## PROVIDED DATA
┌──

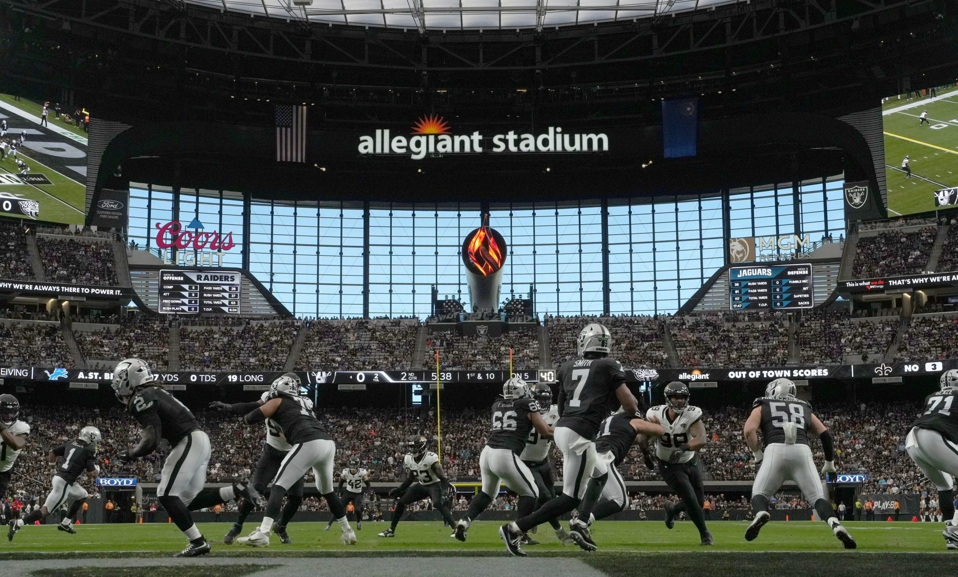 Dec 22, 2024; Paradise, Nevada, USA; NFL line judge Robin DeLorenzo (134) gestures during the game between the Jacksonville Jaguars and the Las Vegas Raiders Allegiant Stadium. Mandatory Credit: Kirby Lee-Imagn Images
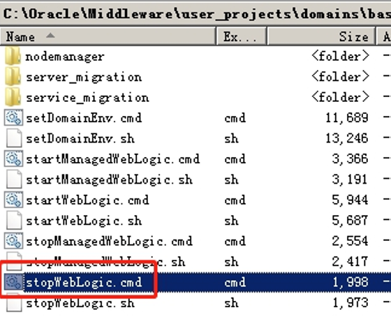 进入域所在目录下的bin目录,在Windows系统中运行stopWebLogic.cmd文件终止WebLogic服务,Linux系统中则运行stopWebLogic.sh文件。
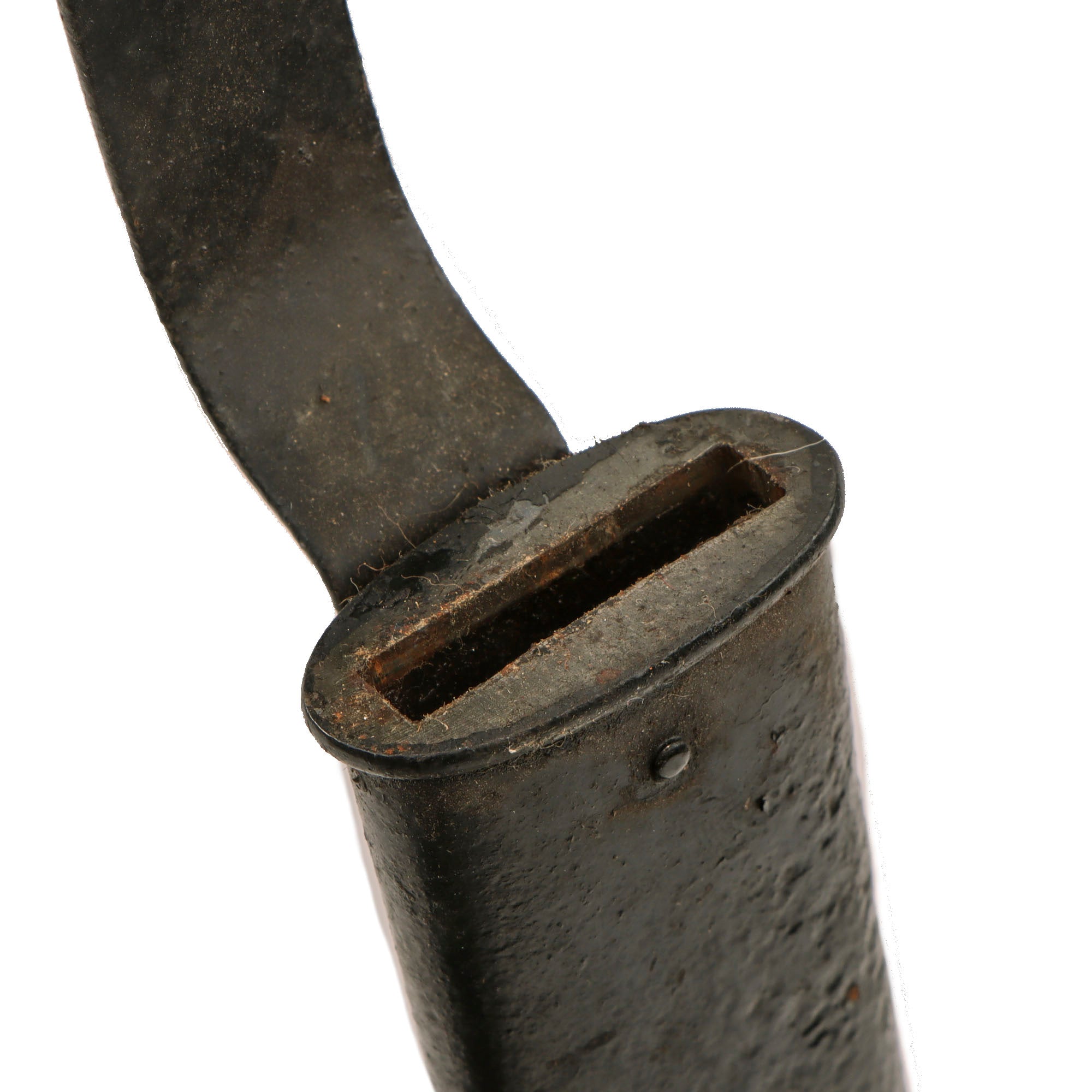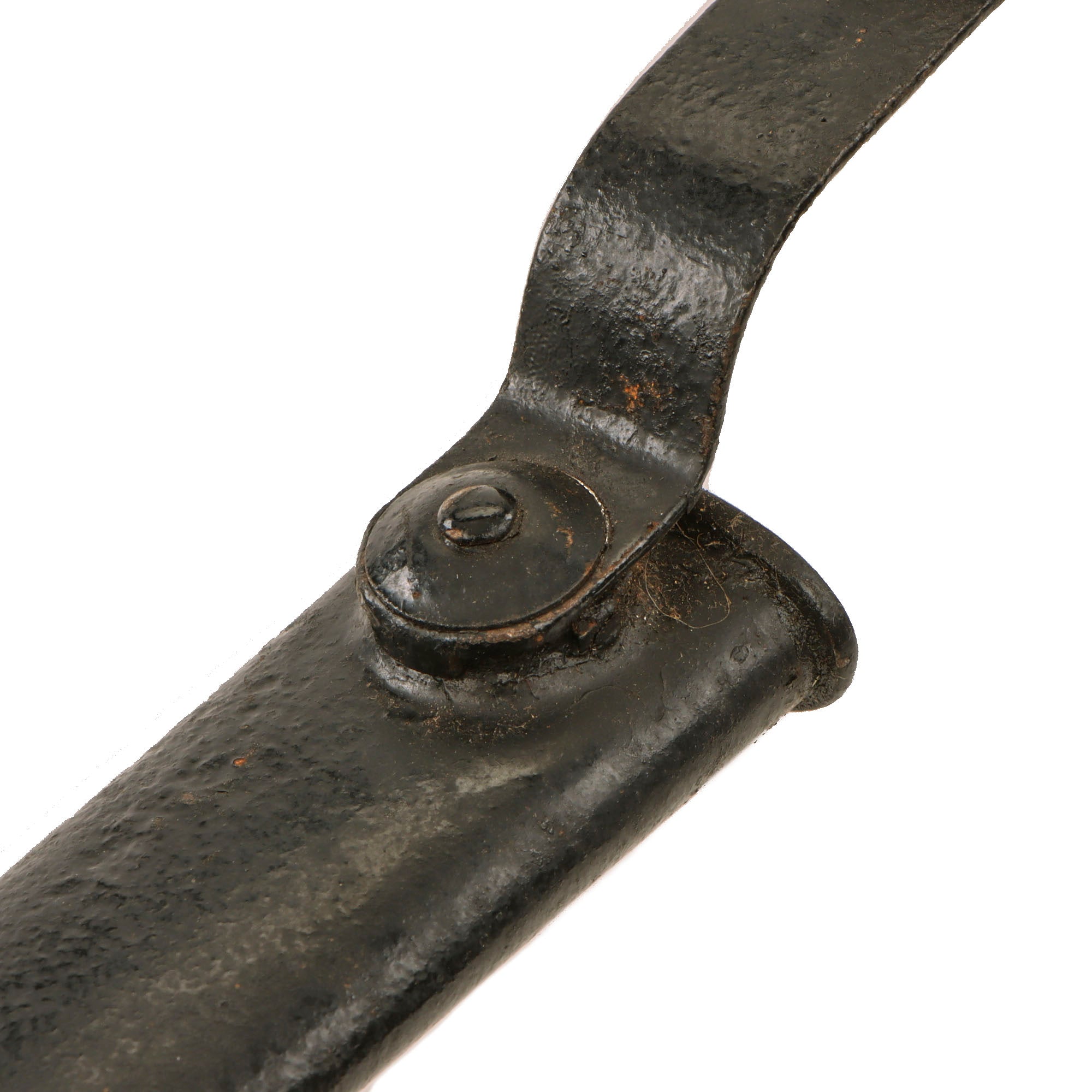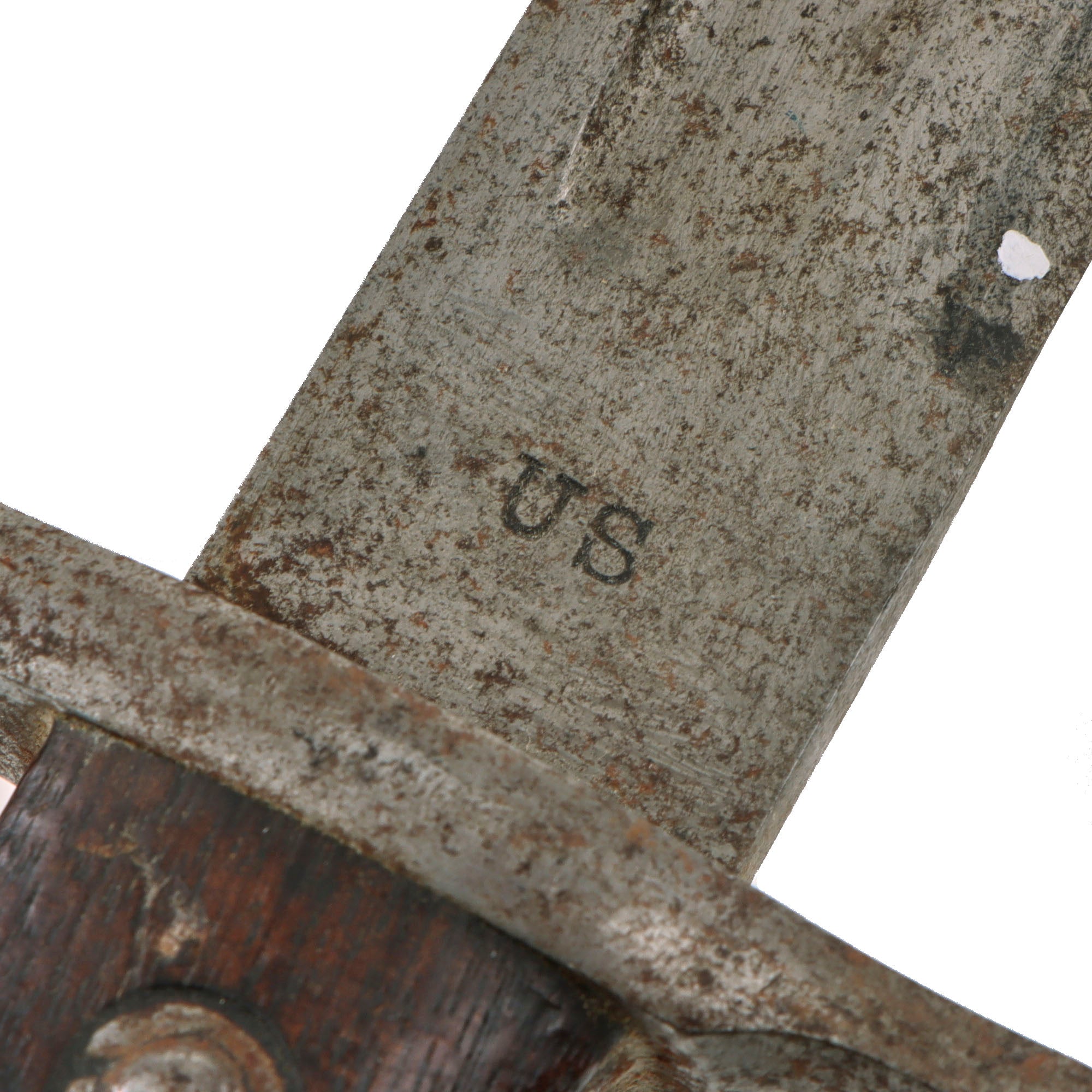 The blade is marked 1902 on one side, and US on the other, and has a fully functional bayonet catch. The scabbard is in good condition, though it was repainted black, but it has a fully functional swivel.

└──
┌──

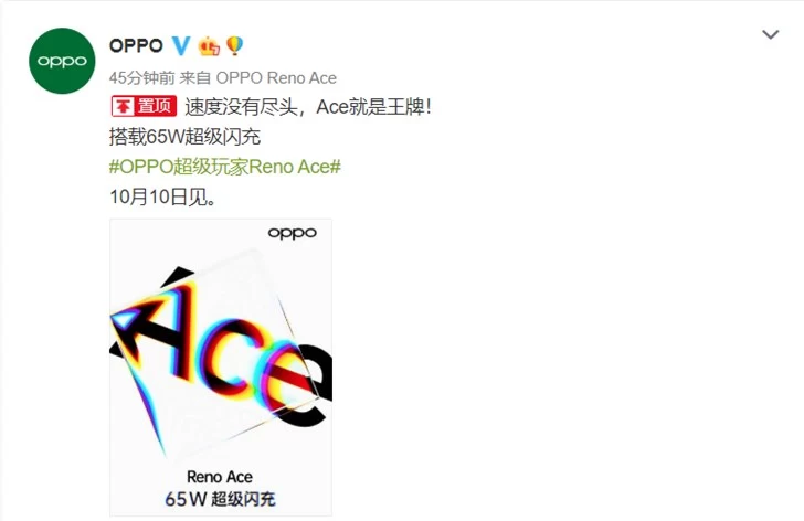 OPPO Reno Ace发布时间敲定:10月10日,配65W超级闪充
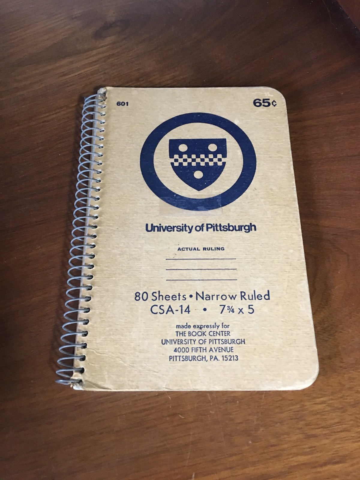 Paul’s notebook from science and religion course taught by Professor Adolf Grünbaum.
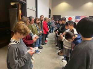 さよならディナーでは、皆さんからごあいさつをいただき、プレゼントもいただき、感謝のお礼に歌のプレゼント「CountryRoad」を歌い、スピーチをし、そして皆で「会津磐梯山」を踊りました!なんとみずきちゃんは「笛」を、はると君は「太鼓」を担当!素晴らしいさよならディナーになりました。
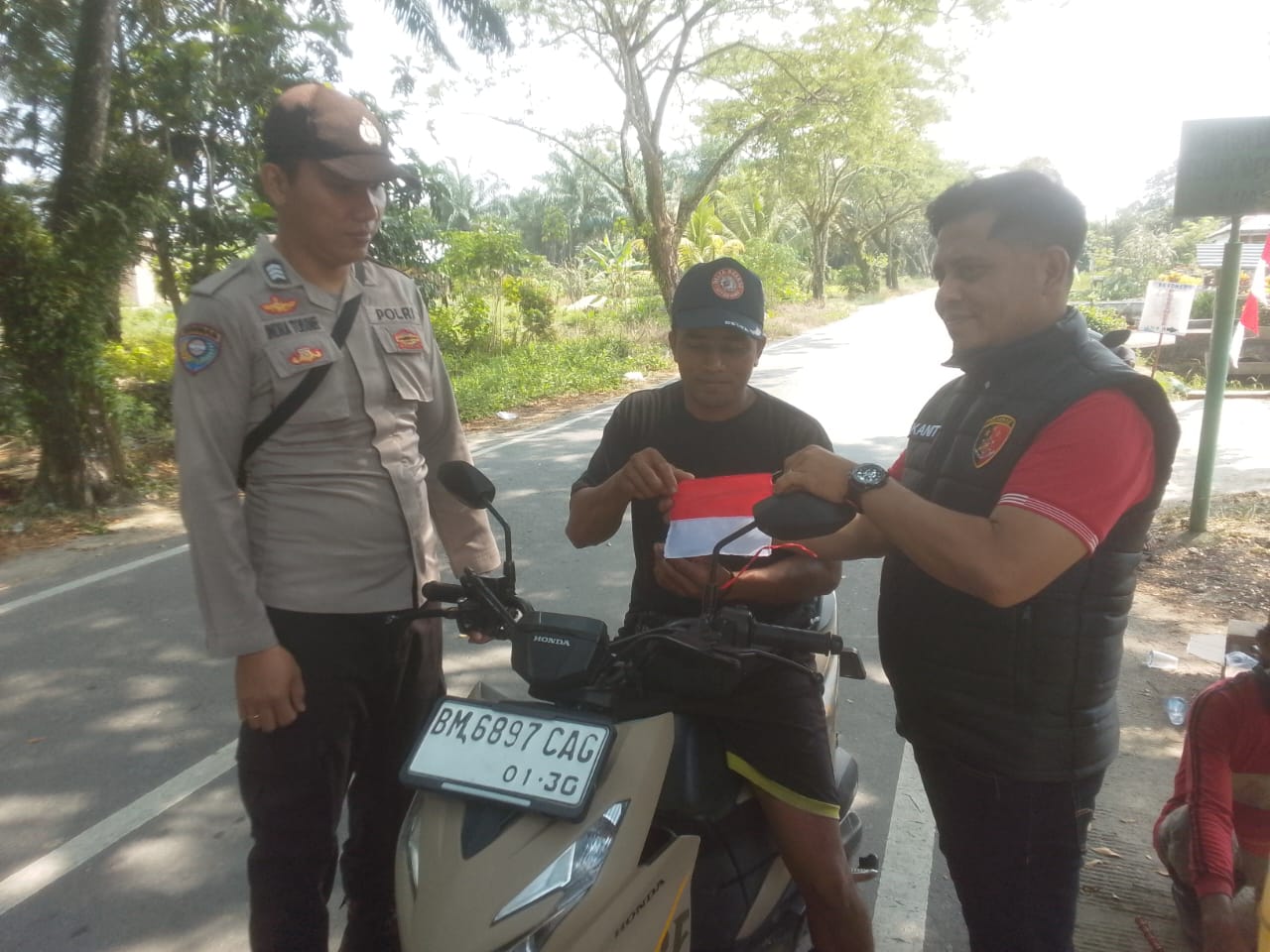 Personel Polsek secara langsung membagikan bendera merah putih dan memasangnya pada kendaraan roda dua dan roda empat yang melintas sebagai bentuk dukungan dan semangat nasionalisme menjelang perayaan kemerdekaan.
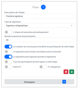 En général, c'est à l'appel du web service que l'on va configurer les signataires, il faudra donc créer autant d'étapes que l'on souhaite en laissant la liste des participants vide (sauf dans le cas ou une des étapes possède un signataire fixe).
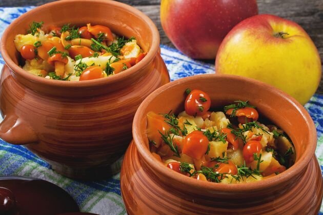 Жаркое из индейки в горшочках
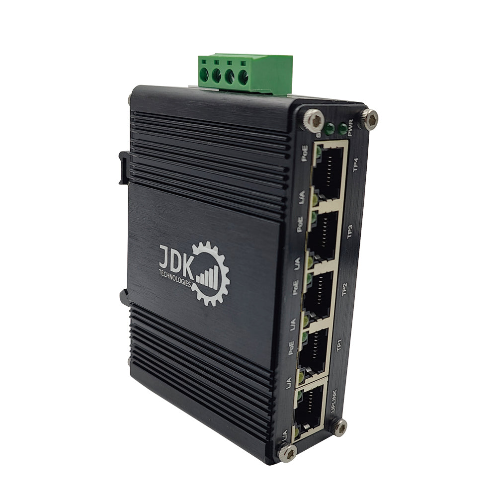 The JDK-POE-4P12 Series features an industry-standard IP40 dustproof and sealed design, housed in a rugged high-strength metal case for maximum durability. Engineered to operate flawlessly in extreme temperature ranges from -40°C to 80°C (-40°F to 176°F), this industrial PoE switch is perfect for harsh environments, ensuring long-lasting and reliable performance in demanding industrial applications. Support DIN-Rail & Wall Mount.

└──

What you need to produce is an exact copy of the entries above, limited to the lines from the one with "En général, c'est" up to and including the one with "The JDK-POE-4P12 Series", without pictures.

 En général, c'est à l'appel du web service que l'on va configurer les signataires, il faudra donc créer autant d'étapes que l'on souhaite en laissant la liste des participants vide (sauf dans le cas ou une des étapes possède un signataire fixe).
 Жаркое из индейки в горшочках
 The JDK-POE-4P12 Series features an industry-standard IP40 dustproof and sealed design, housed in a rugged high-strength metal case for maximum durability. Engineered to operate flawlessly in extreme temperature ranges from -40°C to 80°C (-40°F to 176°F), this industrial PoE switch is perfect for harsh environments, ensuring long-lasting and reliable performance in demanding industrial applications. Support DIN-Rail & Wall Mount.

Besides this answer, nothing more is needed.